Saturday, April 29, 2006

Weekend

Soundtrack: Gotan Project - Celos

Have had a quiet and nice weekend, for a change. On Friday I went out to Murphy's with Geeta, Manuel and a girl called Ina that has been here for a week now. Nice to have some girlpower for a change. :) Saturday we went to see a movie called the Matador, which was funny. A nice little movie to just relax on a saturday evening, for once. N then we went to our old time favourite. Espressoholic. Ahh.. the good ol' days with kuni n his four girlfriends, and chilling with the group. *sigh* I think no one can resist that place. And today, I've been sick. Soar throat, fever, feeling sorry for myself.. calling mum... the lot. Pat woke me up at 14:30, wanting to borrow our frying pan, and I think he was kinda surprised that he woke me up, and I was kinda surprised that I was the first one to wake up... this flat is weird. Two ppl who sleep till evening and one that is never here.

I'm kinda tired.
Time for bed again.

Friday, April 28, 2006

all I want

I just want to sleep.
I just want to get through the day not worrying about not being appreciated, I just want to feel safe that life will bring me what I need. I just want back my faith, that everything sorts itself out. I want my heartrate to go down. I don't want to be afraid of change. I want to get fit. I want an oven.

Why do I worry so much?

I need assurance.

Tuesday, April 25, 2006

PMS (take it as a warning)

Soundtrack: Nick Cave - Love Letter

To long for something that is achievable if one dares to go for it, and to be realistic about what has been

I just finished watching Bridget Jones: The edge of reason, and now I'm really depressed... Why can't I fall in love with someone nice? someone who hits on me when I go out, who seems really nice and who actively seeks me up? Why do I always have to find some kind of mistake with them that just makes me leave in silence? Why do I have to be so picky..
And my new flatmate is driving me slowly insane. With Jo gone like all the time, it's just getting more and more worse. He is so monotone, so boring... And the worst of it is; he is a really NICE guy.
(Thatisapartfromstealingshampooandsoap
andtoothpasteandmakingdisgustingsoundsinthebathroom
andburpingallthetimeandnevereatinganythingbutnoodles
andsuggestingthathewantsmetocookandnevereverleavingtheflat
andalwaystalkingabouttrivialthingsandthingslikethat).
Please, PLEASE, let there be a change.

YUUUMMMM... yumm yummyummyumyumm











Other than that it's been nice to have a day off. Off from working like insane on my assignment and having an average resting pulse at about 110... I went with Jo and Trong to Satay Kingdom. Nice as, as always. Fish Curry is to die for.. Nah, rather to kill for.
Got out some movies, and I'm ready to be serious about my studies now. I sincerely hope. So So I'm gonna sulk for a little while longer, and then I'm gonna hit the books.

Monday, April 24, 2006

assignment...

It is now 2:34 am and I was going to sleep but I'm so stressed that my heart is racing on and I can't sleep I'm just thinking of the assignment and all the things I should be doing and worrying about the grade so I decided to give a shit about sleep and just study no use in trying to relax and whasting time like that when I can't sleep anyway. This is bad.

Saturday, April 22, 2006

Look familiar anyone?

Soundtrack: Recloose - Why I Otta

Guess what happened yesterday:
FIRE!! ..not. Yes, a good ol fashion fire drill. Ahh, I miss those days in Vic house. Getting brutally awaken in the middle of the night, and freezing outside while waiting for the firemen to recover the item that had been microwaved for too long.. Nah, not really. Yesterday we had our first false alarm of Stafford house. And we had to walk back up...

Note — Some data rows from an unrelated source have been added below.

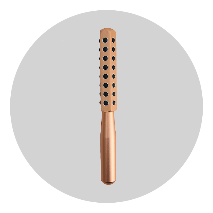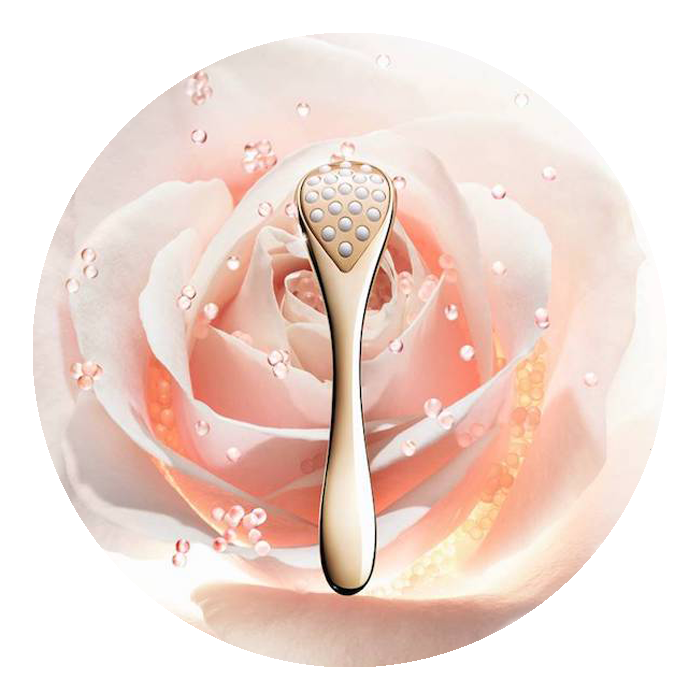 Массирующий аппликатор состоит из 21 керамической жемчужины, имеет охлаждающий эффект золотого металла и форму лепестка розы. Он освежает кожу и делает ее более восприимчивой к наносимому уходу.
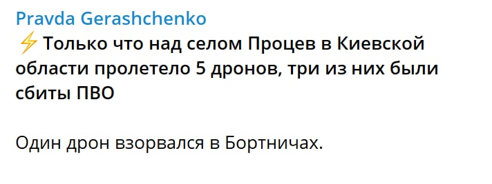 Один беспилотник взорвался в Бортничах.
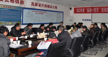 1月7日,四航局云桂鐵路項目召開2012年度“奮戰一百天”活動總結暨先進表彰大會。四航局副總經理黃煥謙、副總工程師顧剛,項目各分部及受表彰的先進個人等共40余人參加。
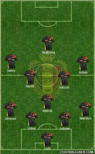 Benteke · Hazard · De Bruyne · Mertens · Nainggolan · Witsel · Vertonghen · Vanden Borre · Vermaelen · Kompany · Courtois
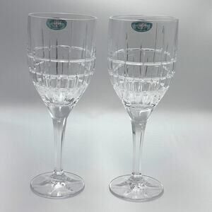 New Ralph Lauren Cocktail Party Two Lead Crystal Glasses Wine Water Goblet Made in Germany
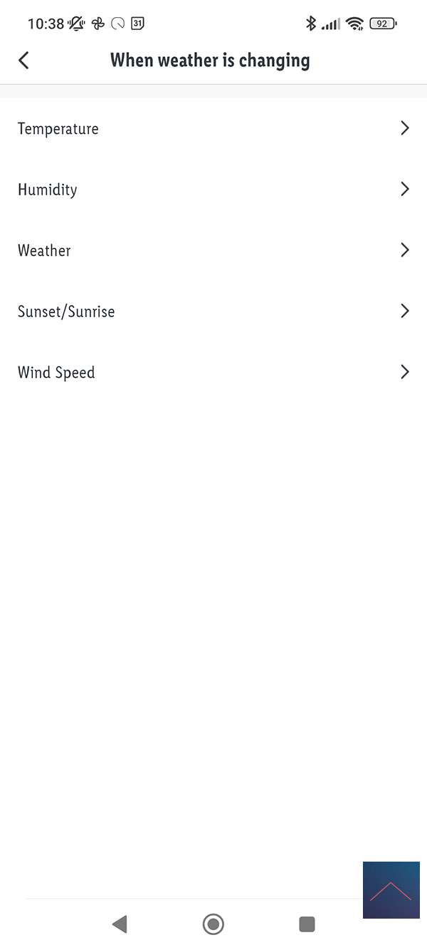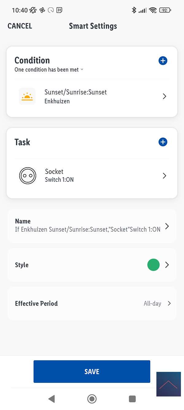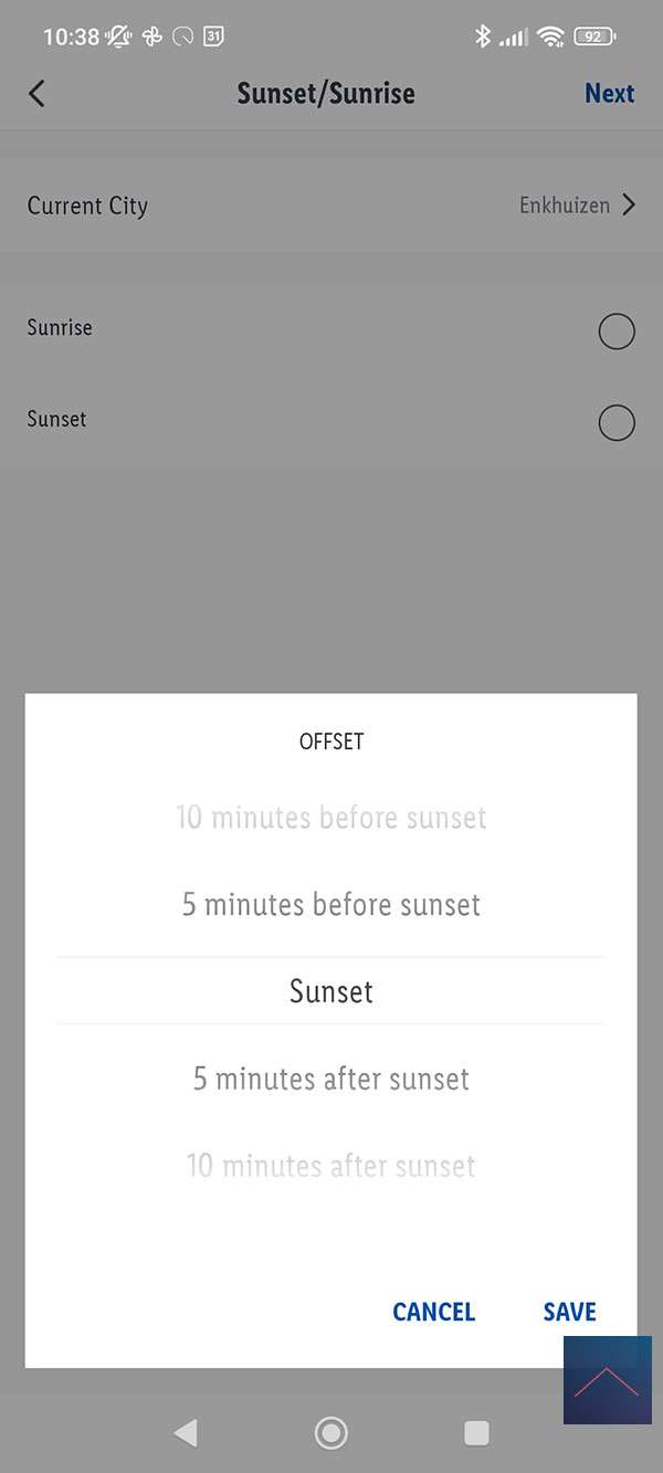 Nu drukken we op "when weather is changing", sunset/sunrise en selecteren vervolgens sunset. De volgende stap is om te zorgen dat de stekker aangezet wordt. Dus deze selecteren we en slaan na een paar stappen het geheel op.
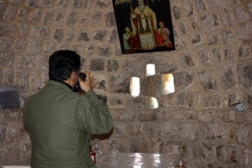 وفي مُحيط الكنيسة، تَنتَشِر بقايا أعمدة ومطاحن ونواميس، ونَجد بِئرين وحَجَرين ضَخمين على شَكلِ مَحدَلتين يتمّ فيهما عصر الزيت بواسِطَة رُحى في مَعصرَة زيتون.. وهما شاهدان على تَلك الحقبة من الزمن...
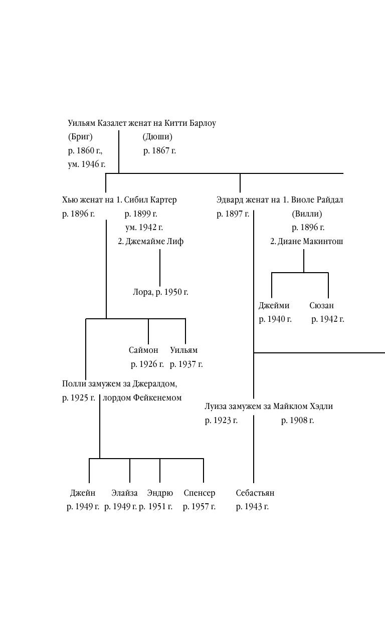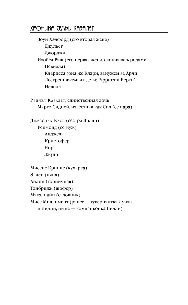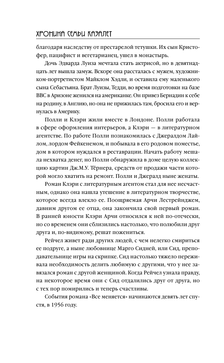 1950. Матриарх семьи Казалетов, всеми любимая Дюши, уходит из жизни, закрывая за собой дверь в мир усадеб и слуг, классовых различий и нерушимых традиций, в котором Казалеты процветали. Луиза, теперь разведенная, влюбляется, но ее роман оказывается не таким уж безоблачным. Полли и Клэри тем временем пытаются найти баланс между семьей и собственными амбициями. Хью и Эдвард, которым перевалило за шестьдесят, ощущают себя потерянными в новом мире. Вилли, которую уже давно оставил муж, должна наконец научиться быть самостоятельной. Но главные испытания ждут Рейчел, которая всегда жила для других… Кульминация ждет все семейство в Хоум-плейс, где в рождество новое поколение Казалетов смело вступит в свои права. Только одно можно сказать наверняка - жизнь уже никогда не будет прежней.
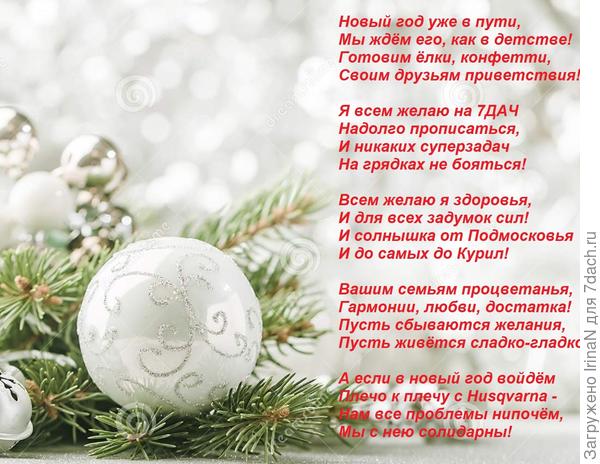 Новый год — пора надежд и веры в чудо. Хочу пожелать всем в новом году крепкого-крепкого здоровья, семейного счастья, любви, удачи! Пусть неудачи и потрясения обходят вас стороной, занимайтесь любимым делом, верьте в себя и в свои силы и всё у вас получится! Финансового благополучия, сбытия мечт и пускай этот злосчастный ковид наконец отступит, и люди вздохнут свободно в полном смысле этого слова!
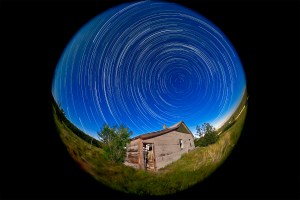 A circumpolar star trail shot, with an old farm shed as the landscape focus. Taken July 14, 2011 at an old farmstead near home in southern Alberta. This is a stack of 660 17-second exposures, 1s apart, taken with the Canon 5D MkII at ISO 800 and 8mm lens at f/4.5, taken over 3.5 hours from 11:15 pm to 2:42 am. Light from Full Moon (off frame at top) illuminated the landscape and made the sky blue. Images stacked the Chris Schur’s Photoshop Action.
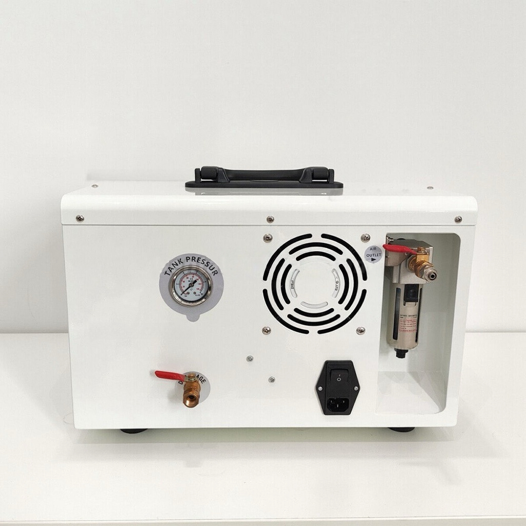 The portable compressor GA-P 300, it is silent, oil free motor, metal cabinet with handle for free movement, with built-in stainless steel tank, also air flow outlet with pre-filter & cooling system, which would keep clean air flow supply.
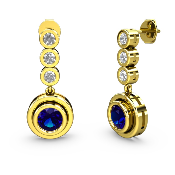 Pırlanta ve lab safir 14 ayar altın küpe (0.66 karat)
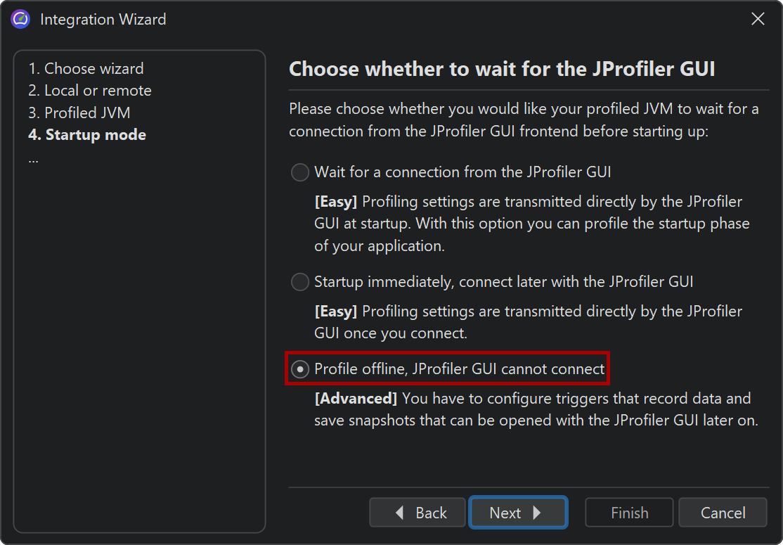 There are situations where you would like to profile without the JProfiler GUI and analyze the results later on. For this scenario, JProfiler offers offline profiling. Offline profiling allows you to start the profiled application with the profiling agent but without the need to connect with a JProfiler GUI.
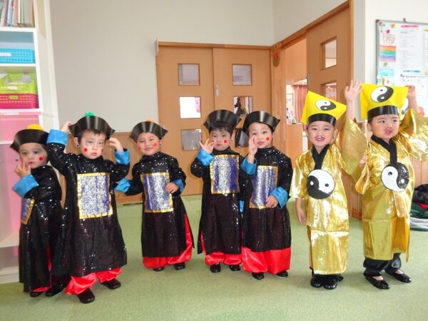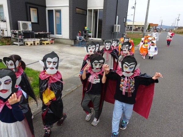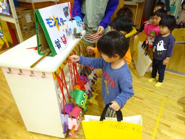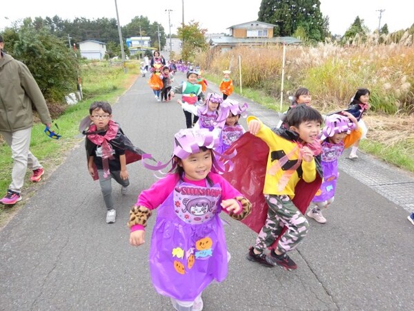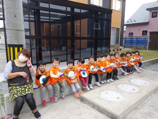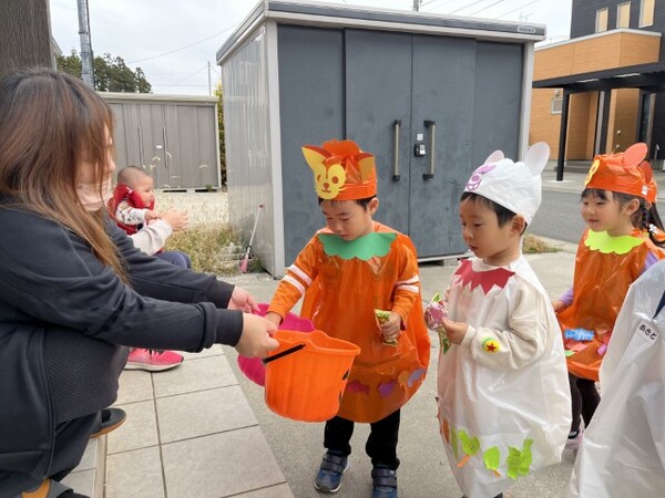 | ハロウィンでは、子どもたちが仮装を楽しみ、園外に出掛け「お菓子をくれなきゃ〜」と歌と踊りでご近所の方からお菓子をいただきました。笑顔とかわいい姿で楽しい時間を過ごしました。 |
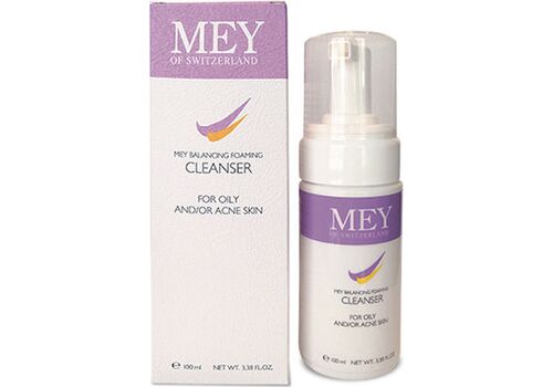 Το προϊόν MEY BALANCING FOAMING CLEANSER , σε μορφή αφρού, για δέρματα με υπερβολική λιπαρότητα και προβλήματα ακμής. Τα δραστικά του συστατικά ρυθμίζουν την έκκριση του σμήγματος, αναστέλλουν τη φλεγμονή, το σχηματισμό ελεύθερων ριζών και ελεύθερων λιπαρών οξέων, εμποδίζουν τον πολλαπλασιασμό των βακτηριδίων και προστατεύουν την επιδερμίδα. Τα α-υδροξυ οξέα (A.H.A.) και το σαλικυλικό οξύ έχουν κερατολυτική δράση και προωθούν την κυτταρική ανανέωση, με την απομάκρυνση των νεκρών κυττάρων. Δημιουργεί την αίσθηση βαθειάς καθαρότητας , λάμψης και ανανέωσης. Αποτελεί ιδανικό προϊόν καθαρισμού για δέρματα με ειδικές ανάγκες.
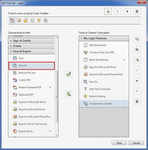 In Acrobat XI, you can create a new Tool Set to capture settings for Task Panes and Quick Tools. Settings files may be exported and imported making them easy to share with colleagues.
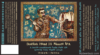 So finally Squall gets it’s own name…yes I know what you’re screaming but I couldn’t resist.  Here it is (finally)….Dogfish Head 75-Min IPA….but wait…it’s bottle conditioned and wait…what…it’s brewed with Maple Syrup?!  OK I’ll try it for myself….7.5% ABV 750ml embossed big bottle….it’s got to be good….wait…make that juuust riiight (half way between 60 and 90)!
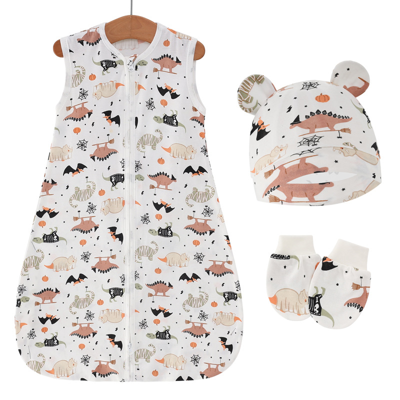 • 3피스 조끼 침낭 세트(호박 공룡 + 이중 귀 모자 + 가장자리 장갑)
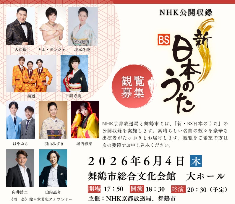 舞鶴市は、NHK京都放送局との共催により、令和8年6月4日(木)に舞鶴市総合文化会館にて「新・BS日本のうた」の公開収録を実施いたします 。演歌・歌謡界を代表する歌手によるステージの観覧申し込みを受け付けます。
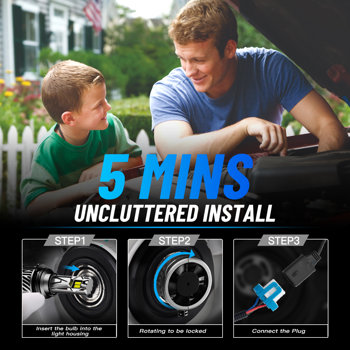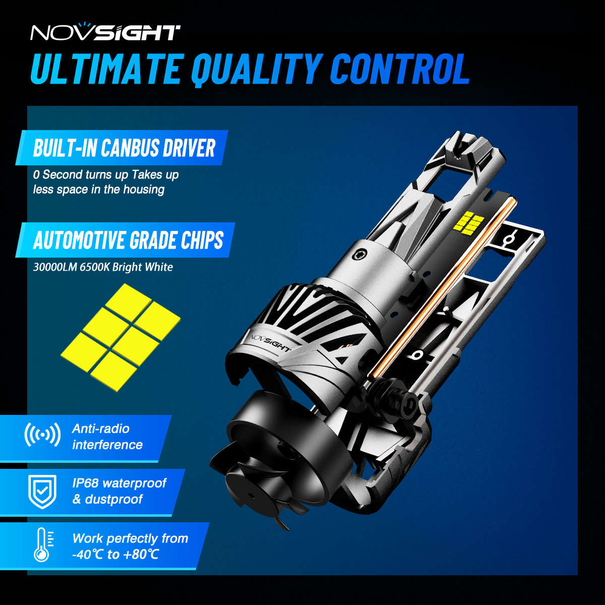 【5-MINUTE INSTALLATION】All-in-one design, bulid-in driver for taking up less space in housing, no bulky external driver, no extended bulb base, no more modification on housing or cover. Real plug and play, smoothly fits into vehicle's housing and factory sockets even with limited space in original housing.
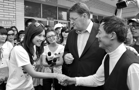 在探望中,一位大爺來(lái)到章子怡身邊。院長(zhǎng)吳德玉向章子怡介紹,這是福利院的門衛(wèi)大爺。在去年5·12地震發(fā)生時(shí),為了救被困在院里的孩子,大爺不顧危險(xiǎn)翻墻進(jìn)去,不慎摔傷了自己的雙腿。章子怡很感動(dòng),她突然伸出右手高呼:“向抗震英雄學(xué)習(xí)!”并佩服地對(duì)大爺說(shuō):“你是英雄,你是超人!”
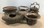 New metal rustic biscuit jar, silver plate bowl, ropouse silver plate handled pitcher, copper footed planter, modern pottery fish planter. New metal rustic biscuit jar, silver plate bowl, ropouse silver plate handled pitcher, copper footed planter, modern pottery fish planter.
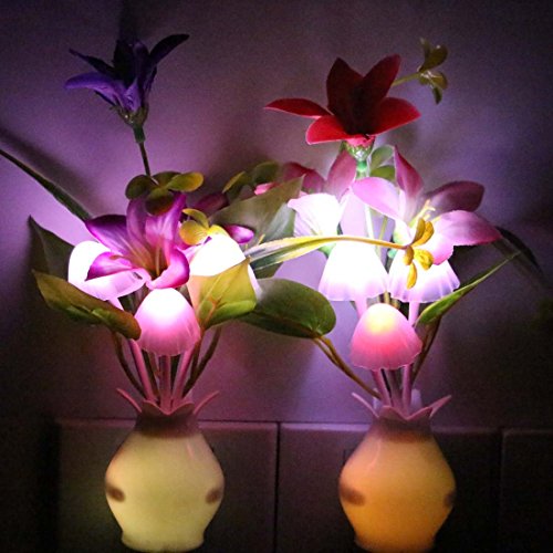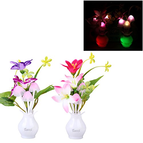 Taozi 2 PCS Kids Night Light Bathroom Kitchen Bedside Wall Light Lamp Color Changing Plug In LED Mushroom Flower Nightlight (Cream)
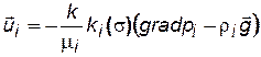 Уравнения движения для многофазной фильтрации. При записи закона фильтрации предполагаем, что в любой точке каждая из фаз находится в термодинамическо - равновесном состоянии. Тогда для течения двухфазной смеси можно ввести в рассмотрение относительные проницаемости ki( s ) и капиллярное давление d рк ( s ), зависящее только от насыщенности.

I'm working, working, freaking out as usual and believing that I will fail the course and be kicked out of my education... Oh, the drama. If I fail this assignment that means hard work not to fail the paper. But: I have resolved that I will work harder from now on. I can't go on like it have up until now. I shall continue to play hard, but less time will be spent on procrastination and being lazy.

Next week we start again. I must say, next trimester I want to try and get my German classes squeezed into 3 days.. I hate having to travel up and down the whole week. So much time seems to vanish just in travelling...
Now I have to finish my assignment.

Survived!

I survived my dentist appointment, and can happily say that I don't remember any of it at all! Lovely... :)
Joanne came with me, and it all went very fast. Indeed, very fast. It said on the info that I got that the sedation blocks out your memory, so it seems like it goes very fast. And it did, it seemed like it took about 3 minutes. I love my dentist...

***HEARTY SIGH***

Wednesday, April 19, 2006

Assignment

Soundtrack: Nick Cave - sorrowful wife

Got the dentist appointment tomorrow. My nerves are still hanging in there, I have no Idea why but I'm thankful all the same.

Quiet, thoughtful and a bit melancholy tonite. I think it's called nostalgic...

I know lives, I could miss
Without a Misery -
Others - whose instant's wanting -
Would be Eternity -

The last - a scanty Number-
'Twould scarcely fill a Two -
The first - a Gnat's Horizon
Could easily outgrow -
Emily Dickinson

Monday, April 17, 2006

ok.. I have no life

Soundtrack: Björk - hidden place

It is really evident, when one has nothing to do. Suddenly, u have time to write about absolutely everything that happens every day...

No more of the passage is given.